Les Lycopodes seront suivis par les prêles et les fougères dont les premières espèces apparaîtront il y a environ 360 millions d’années. La différence entre les Lycopodes et leurs suivants concernent les feuilles. Les feuilles des Lycopodes sont très réduites, on les appelle des microphylles. Elles deviendront plus complexes chez leurs successeurs : elles seront parcourues non plus par un seul faisceau conducteur de sève mais par plusieurs (ces faisceaux correspondant aux nervures).
Un peu d’étymologie : le mot Lycopodium vient du grec lukos (loup) et podion (pied) faisant allusion à la ressemblance des pousses des Lycopodes, recouvertes de petites feuilles, avec le pied velu d’un loup
N’oubliez pas de lire ou relire notre article intitulé
Le Lycopode en massue a perdu ses massues!
pour en savoir plus sur les Lycopodes.
Une petite surprise : le Lycopode en massue a conservé ses massues, bien que nous soyons en février.
Les massues dont il est question ici ne doivent pas vous effrayer ; le Lycopode ne va pas s’en servir pour tenter de vous assommer si vous le piétinez par inadvertance. Il s’agit en réalité de ses strobiles.
Observons d’abord que les strobiles de la photo précédente sont de teinte ocre car desséchés (photo prise en février), tandis que ceux de la photo suivante sont vert clair et en voie de maturation (photo prise en juillet).
Un strobile (du grec ancien stróbilos, « qui tourne, toupie » ) est un épi constitué de feuilles d’un type particulier, appelées sporophylles. Sur la photo suivante, on peut voir que ces feuilles sont terminées par une soie blanche, tout comme les autres feuilles du Lycopode en massue.
La différence entre une sporophylle et une autre feuille du Lycopode en massue se trouve sur sa face supérieure (celle, cachée, qui fait face à la tige). Elle porte à son aisselle un sporange réniforme.
Le sporange est un petit sac dans lequel les spores sont produites. À maturité, le sporange s’ouvre par le haut et libère les spores qui donneront, peut-être, naissance à de nouveaux individus.
On peut comparer un strobile aux organes reproducteurs d’une fleur, ce qui reste après avoir enlevé les sépales et les pétales : les étamines (organes mâles) et le pistil (organe femelle).
Mais ceci fera l’objet d’un prochain billet.
Un Lycopode en cache un autre
Nous découvrons bientôt, à côté des Lycopodes en massue, d’autres plantes qui leur ressemblent un peu. Mais celles-ci ne rampent pas, elles sont dressées et obconiques, c’est-à-dire pareilles à des cônes renversés, mis sur leur pointe. Elles ressemblent à des cornets de frites.
L’identification
Examinons les feuilles de plus près (photo suivante) : elles sont comme de petites écailles appliquées contre le rameau. Elles sont opposées 2 à 2 et disposées sur 4 rangs : il y a les feuilles ventrales (2), les latérales (1 et 3) et les dorsales (non visibles). C’est un trait distinctif des espèces appartenant au genre Diphasiastrum.
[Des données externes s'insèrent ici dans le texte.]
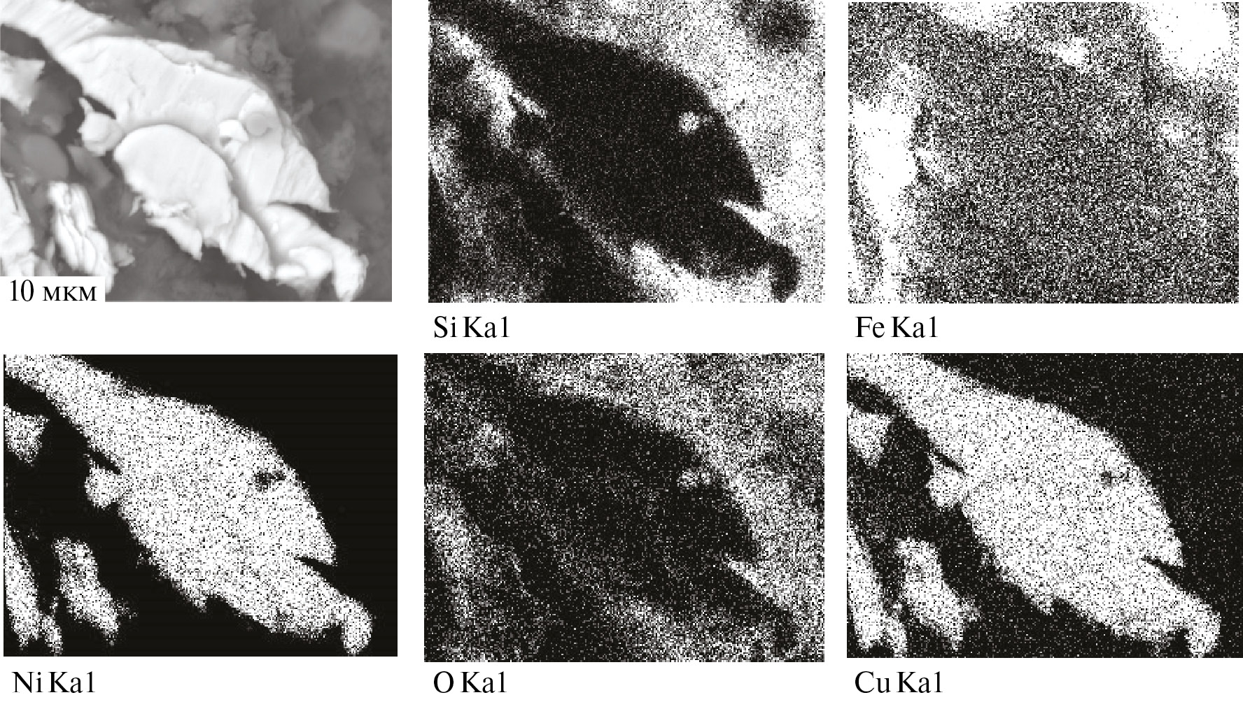 Рис. 6. Частицы Ni2Cu в матрице импактного стекла. Кратер Лонар. СЭМ, отраженные электроны, рентгеновское характеристическое излучение.

Les feuilles ressemblent à des écailles appliquées contre le rameau et sont disposées sur 4 rangs (3 sont visibles sur la photo)
Comparez avec les feuilles du Lycopode en massue qui paraissent verticillées et sont étalées (presque perpendiculaires au rameau).
Comment différencier les espèces du genre Diphasiastrum ? Un premier critère est donné par les épis, les strobiles. Ceux-ci ne sont pas sessiles : ils sont portés par des pédoncules dépassant nettement 2 cm de longueur.
Observons à nouveau les feuilles : quelle que soit leur position, elles sont pratiquement semblables entre elles. Les feuilles ventrales sont aussi longues que les latérales. Elles ont en outre un aspect glauque, une coloration vert bleuté. Pas de doute : nous nous trouvons face au Lycopode petit Cyprès (Diphasiastrum tristachyum). Petit Cyprès parce qu’il ressemble à un petit conifère.
En Belgique, c’est le seul Diphasiastrum encore présent. Les autres espèces ont disparu.
Sa distribution
C’est une plante encore plus rare que le Lycopode en massue. En 2019, elle n’a été vue que dans 5 communes belges 5.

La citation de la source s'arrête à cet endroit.